Friday, 25 December 2015

A Homily for Christmas - the Prairie Chicken and the Eagle



A Native American warrior was rushing through the forest. He saw a fallen egg on the grass and placed it in the first nest he came across. He had placed an eagle's egg in a prairie hen's nest. One day when the hatched chickens were busy doing what a prairie-bird family does best - hopping, pecking, squawking - a magnificent eagle swooped across the sky. The young eagle was filled with a sudden, aching longing.




Immediately reprimanded by the mother hen for time-wasting and day-dreaming, the growing eagle-in-disguise dutifully continued to scratch the dry earth. But, the story goes, no matter what suspicion, ridicule or indoctrination the prairie chicken continued to endure from that day on, she could never forget that moment when her heart in hiding stirred for another life.

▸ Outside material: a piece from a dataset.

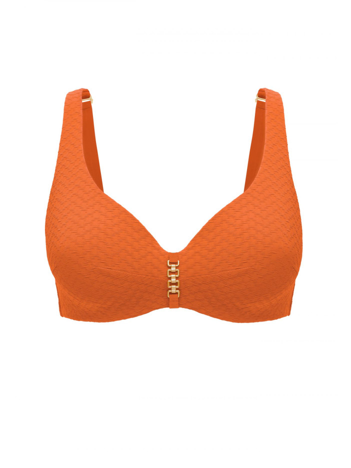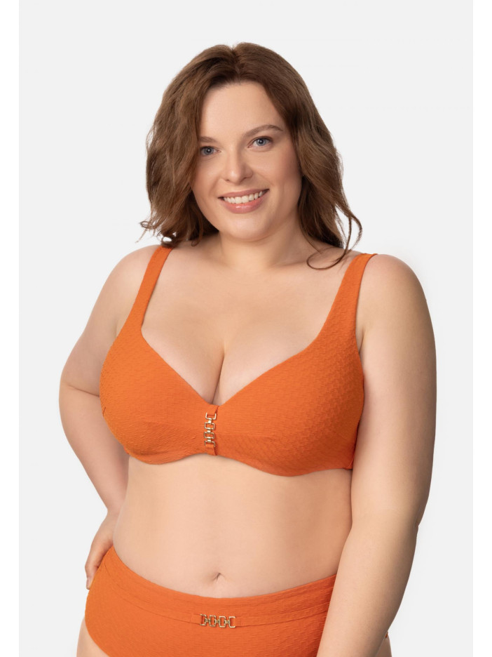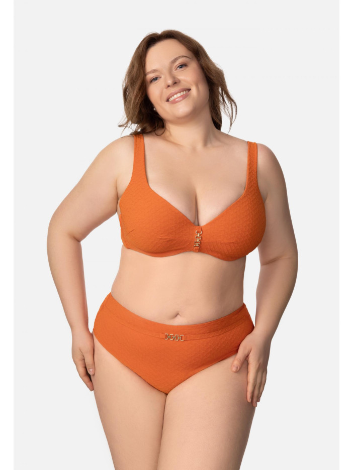 Яркий, как закат над морем, оранжевый оттенок серии SENSATION наполняет каждое мгновение лета светлой радостью. Роскошная жаккардовая ткань и изящные аксессуары создают классические, но женственные силуэты. Формованная чашечка на косточках. Углубленная линия декольте. По центру между чашками аксессуар. Широкие бретели с поролоновой вставкой для комфортной и уверенной посадки. На спине застежка.

As we stand around the crib something stirs inside us too. We look at the baby and sense an echo of heaven in ourselves.


We look at the baby who will soon enjoy and endure the delights and dangers of being truly human, who will grow up and later suffer in a darkness from which a great light will shine.


We kneel near the baby and an awareness of our own undreamt-of destiny awakens in us. We sense a beckoning horizon as yet invisible and uncertain. We are like people trying to remember the dream from which we have just awoken.


"Peace on earth," we sing, but a strange disturbance bothers our hearts. "All is calm, all is bright," we faithfully carol, while a restlessness continues to grow within us.


It is sometimes said that Christmas is for children.  
Yes, that’s true of course.
Yet Christmas is for all people of all ages, whether of faith or not.
When we say it's for children what I think we mean is that it somehow sounds an echo from our own childhood, from a time of hope-ful innocence.
A time before we forget from where we came, before we became wise in our own eyes and considered such things childish.


Most of us are like the prairie chicken in our story.


We are haunted by the sense that we are something more yet continue to keep busy with what we do best - the human equivalent of hopping, pecking and squawking.


Christmas, at its best -
and I’m not talking about the partying or the shopping -
Christmas, at its best -
stirs a memory of a dream,
from which we woke long ago.


A dream which gave us a vision of how we might fly on eagles wings.


Our gospel reading was from St John. The symbol for St John is the eagle.

Matthew and Luke focus our eyes on the earthly Christ child in the crib. John lifts our eyes to what is going on in the heavenly sphere. Jesus inhabits both worlds. As the Orthodox Christian reminds us - Christ became human so that humanity might become divine.